*** Available data ***

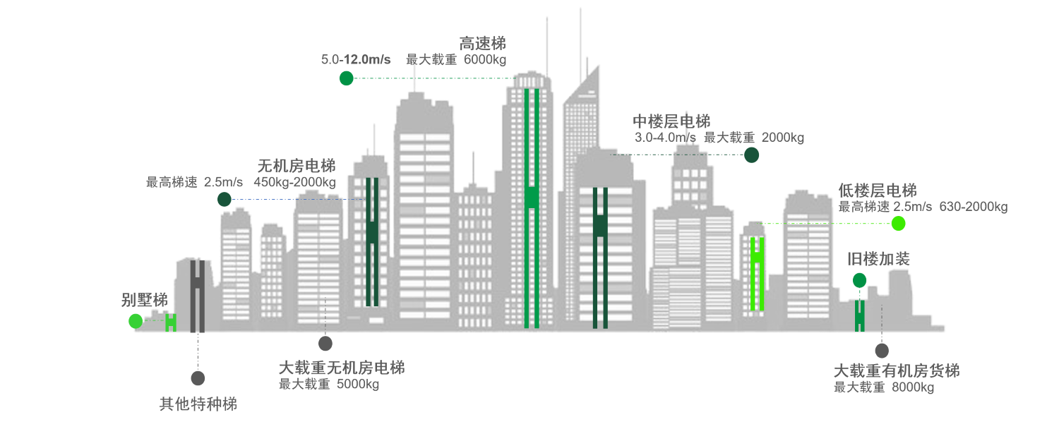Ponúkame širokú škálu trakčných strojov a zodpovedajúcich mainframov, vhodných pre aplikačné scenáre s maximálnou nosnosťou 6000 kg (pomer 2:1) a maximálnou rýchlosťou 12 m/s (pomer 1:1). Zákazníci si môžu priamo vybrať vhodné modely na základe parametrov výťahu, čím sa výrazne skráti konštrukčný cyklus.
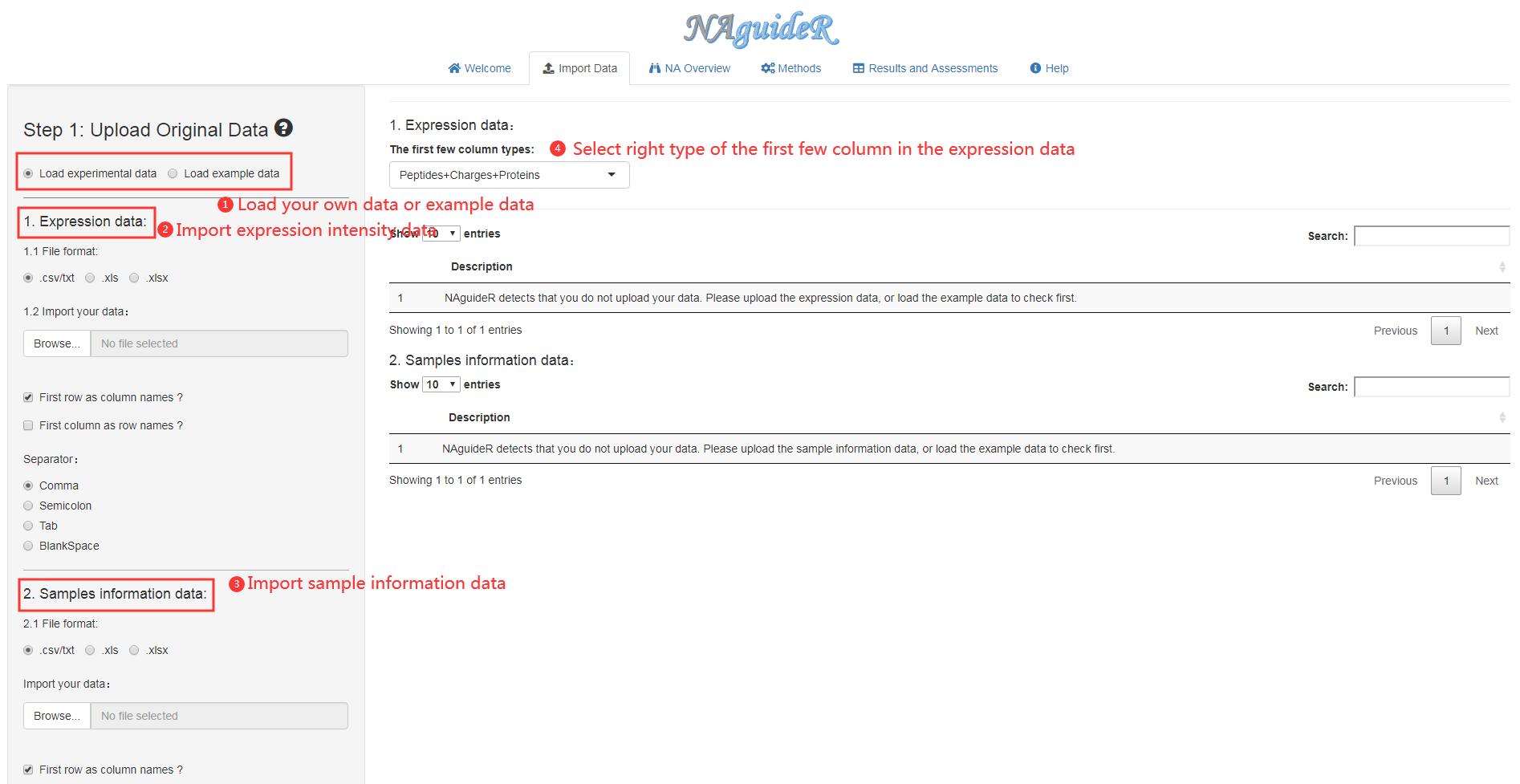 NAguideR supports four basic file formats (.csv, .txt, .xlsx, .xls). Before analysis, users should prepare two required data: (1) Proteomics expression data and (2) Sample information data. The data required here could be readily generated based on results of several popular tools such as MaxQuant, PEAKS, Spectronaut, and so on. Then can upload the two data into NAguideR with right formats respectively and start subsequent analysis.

***
*** Available data ***

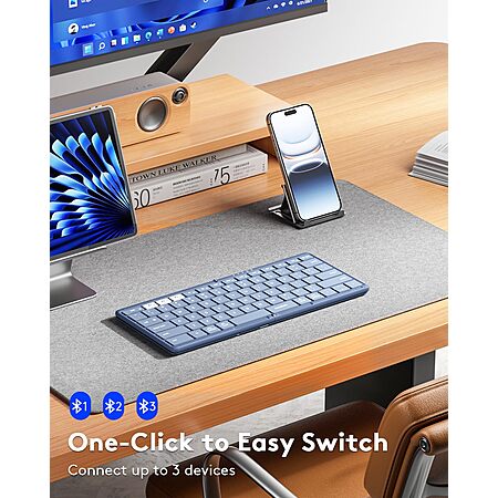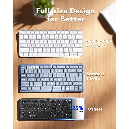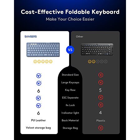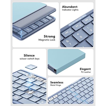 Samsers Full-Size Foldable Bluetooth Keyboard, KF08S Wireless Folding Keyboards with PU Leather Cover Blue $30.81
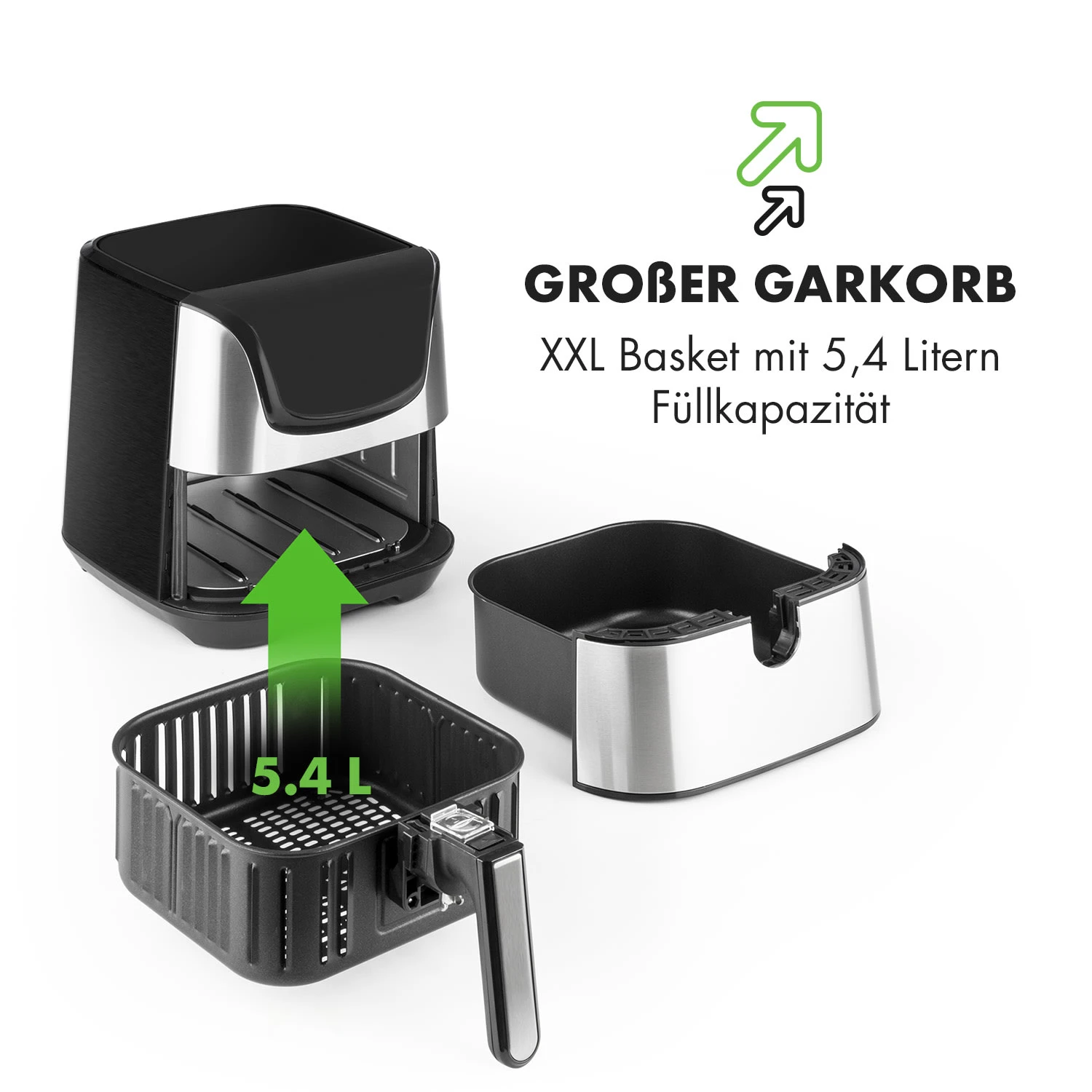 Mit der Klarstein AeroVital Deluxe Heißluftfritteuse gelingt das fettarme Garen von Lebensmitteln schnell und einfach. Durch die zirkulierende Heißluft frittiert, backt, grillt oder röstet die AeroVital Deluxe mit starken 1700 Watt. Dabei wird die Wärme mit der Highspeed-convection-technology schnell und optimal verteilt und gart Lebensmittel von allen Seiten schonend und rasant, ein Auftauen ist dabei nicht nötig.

***

→ **Work item**
Exact copy, pictures excluded: every line above from the one containing "Samsers Full-Size Foldable" to the one containing "Mit der Klarstein", inclusive, and nothing more.

→ **Written response**
 Samsers Full-Size Foldable Bluetooth Keyboard, KF08S Wireless Folding Keyboards with PU Leather Cover Blue $30.81
 Mit der Klarstein AeroVital Deluxe Heißluftfritteuse gelingt das fettarme Garen von Lebensmitteln schnell und einfach. Durch die zirkulierende Heißluft frittiert, backt, grillt oder röstet die AeroVital Deluxe mit starken 1700 Watt. Dabei wird die Wärme mit der Highspeed-convection-technology schnell und optimal verteilt und gart Lebensmittel von allen Seiten schonend und rasant, ein Auftauen ist dabei nicht nötig.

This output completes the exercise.